# Lab Notes: How We Made Joins 23 Thousand Times Faster, Part One

2018-06-26, by Marios Trivyzas

Even though we target CrateDB at machine data use-cases, where denormalized schemas are common, joining tables can be a powerful tool for sophisticated analytics.

CrateDB has supported joins for a while. We use the nested loop algorithm, and in some instances, a modified version of this that optimizes for distributed query execution.

The nested loop algorithm is relatively simple to implement and was easily adjusted to execute cross joins, left outer joins, right outer joins, and full outer joins. This does however come at a cost.

The nested loop algorithm has a quadratic time complexity.
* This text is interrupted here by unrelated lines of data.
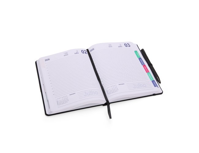 Descrição: Agenda diária 2026 com capa em linho com detalhe em metal, marca-páginas feito em cetim, porta-canetas lateral e fechamento em elástico. Possui páginas para planejamento mensal, calendários de 2026 a 2028, além de listas de conversão de pesos e medidas, contatos e códigos DDI.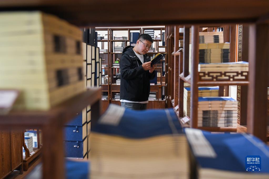 王康在金陵刻經處流通展示中心根據古刻本借鑒刻字技法(4月15日攝)。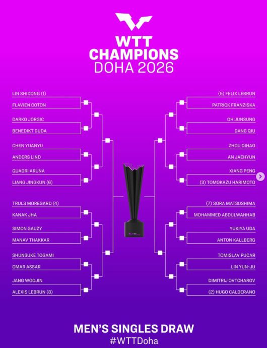 월드테이블테니스(WTT)는 5일(한국시간) 공식 채널을 통해 WTT 챔피언스 도하 2026 대진표를 발표했다.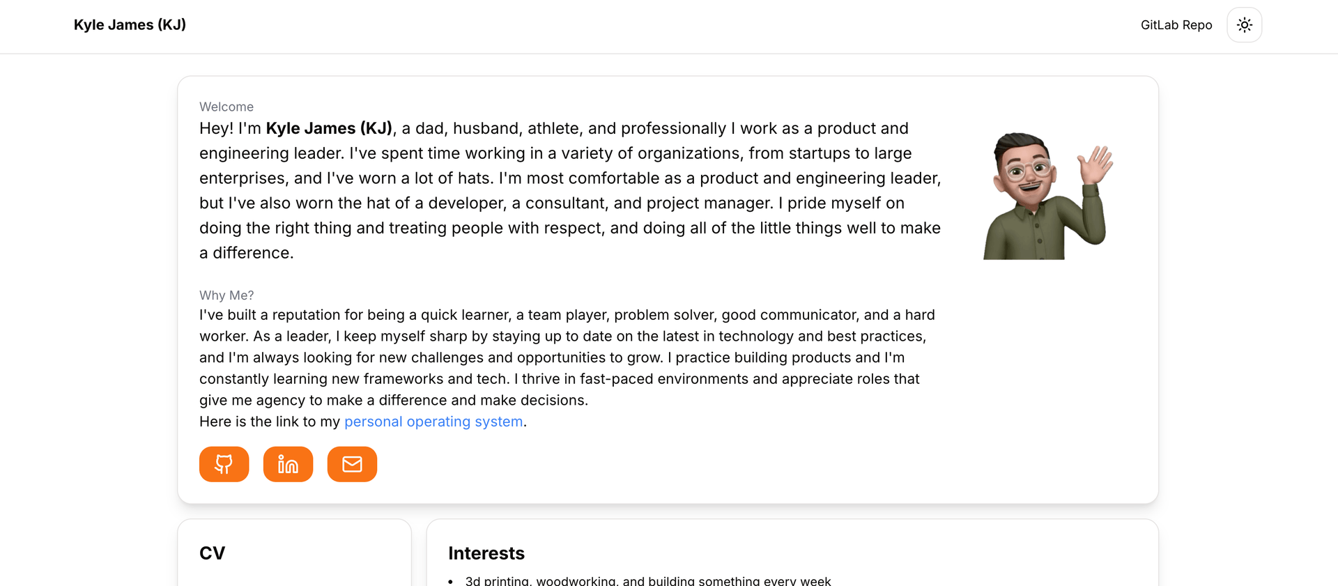 - Interests Card: Personal interests and hobbies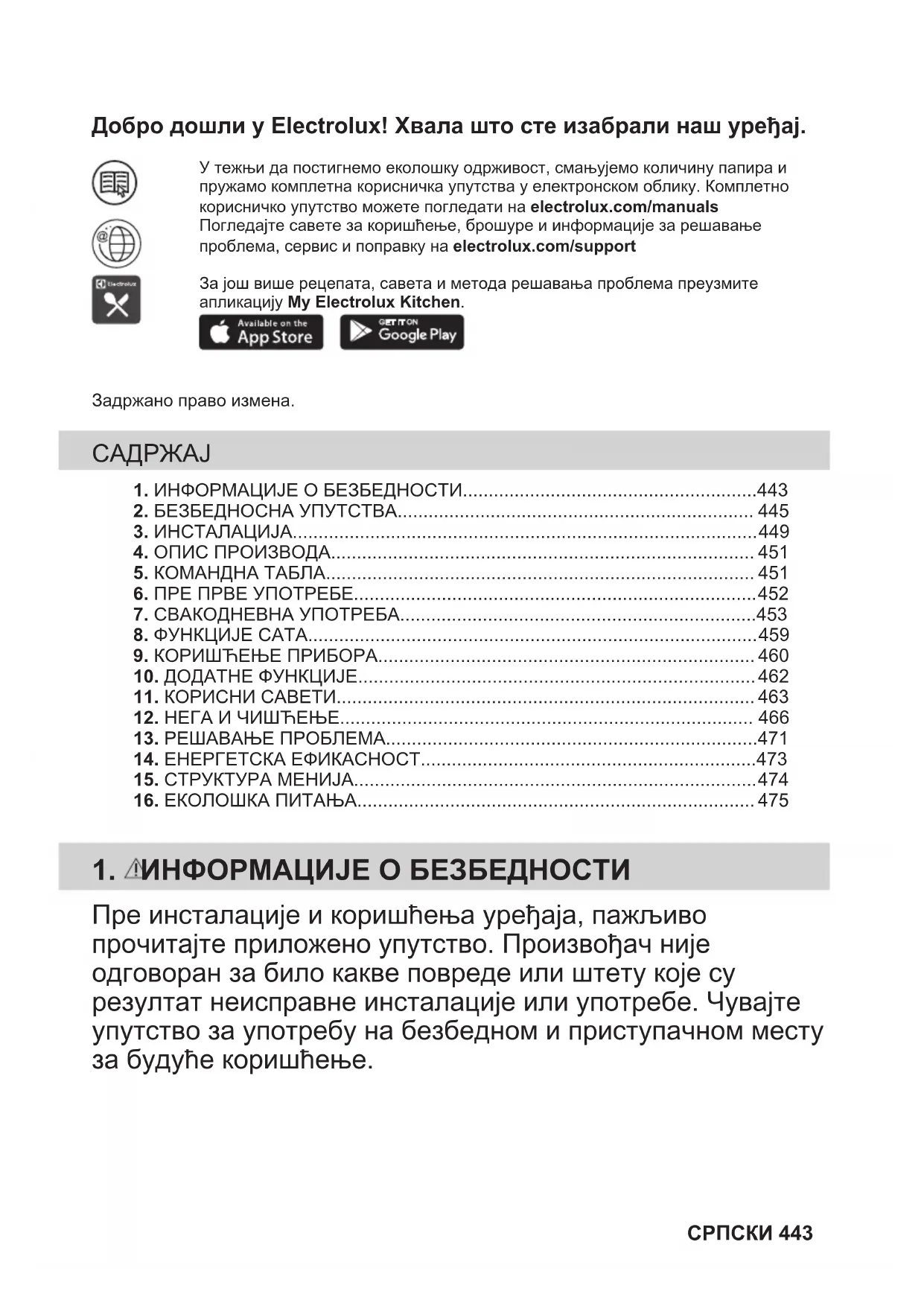 474 СРПСКИ16. ЕКОЛОШКА ПИТАЊА Рециклирајте материјале са симболом . Паковање одложите у одговарајуће контејнере ради рециклирања. Помозите у заштити животне средине и људског здравља као и у рециклирању отпадног материјала од електронских и електричних уређаја. Уређаје обележене симболом немојте бацати заједно са смећем. Производ вратите у локални центар за рециклирање или се обратите општинској канцеларији. СРПСКИ 475Vitajte vo svete Electrolux! Ďakujeme Vám, že ste si vybrali náš spotrebič. V našej snahe o trvalú udržateľnosť znižujeme spotrebu papiera, a preto poskytujemecelé návody na obsluhu online. Získajte prístup k vášmu celému návodu na obsluhuna stránke electrolux.com/manualsZískajte rady ohľadom používania, brožúry, návody na riešenie problémova informácie o údržbe a opravách na stránke electrolux.com/supportStiahnite si aplikáciu My Electrolux Kitchen pre viac receptov, užitočných tipova návodov na riešenie problémov.Vyhradzujeme si právo na zmeny bez predchádzajúceho upozornenia. OBSAH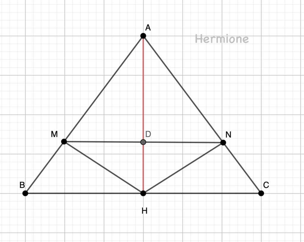 `(1)` và `(2)` `-> AH` hay `AD` là phân giác của `ΔAMN`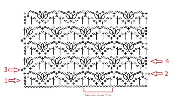 Свяжите образец, набрав цепочку из 43 воздушных петель. И провяжите 5 полос узора с веерочком, как на схеме 1. Так у вас будет возможность понять, насколько плотно или слабо вы вяжете. Ширина этого образца должна быть 14 см, а высота 7,5 см.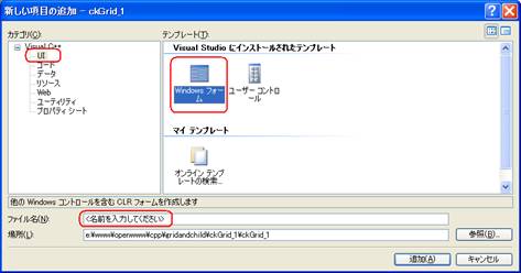 カテゴリ「UI」、テンプレート「Windowsフォーム」を選び、ファイル名を適当に設定して「追加」ボタンをクリックすると子フォームが追加される。子フォームと親フォームとの間でデータをやり取りするためにファイルmyIntFc.hを図6のように用意している。

Specifically, O(M * N), where M and N are the number of rows of the two tables joined, which is in turn bounded by O(N2) (N > M). If the joined tables have a high row cardinality, the number of operations required to perform the join increase quadratically, and so does execution time.

Since many CrateDB users want to run joins on large tables for their analytics, we decided to introduce a new join algorithm that would have better join performance than the nested loop algorithm. This work is now complete, and in this post, I will show you how we approached the problem.

Please note: join algorithms and their performance characteristics are common knowledge for RDBMS developers. This miniseries is written for people who want a behind the scenes look as we implement these algorithms and adapt them for CrateDB and our distributed SQL query execution engine.

## Equi-Joins

An equi-join is an inner join where the join condition has a single equality operator (`=`) or multiple equality operators chained together with `AND` operators.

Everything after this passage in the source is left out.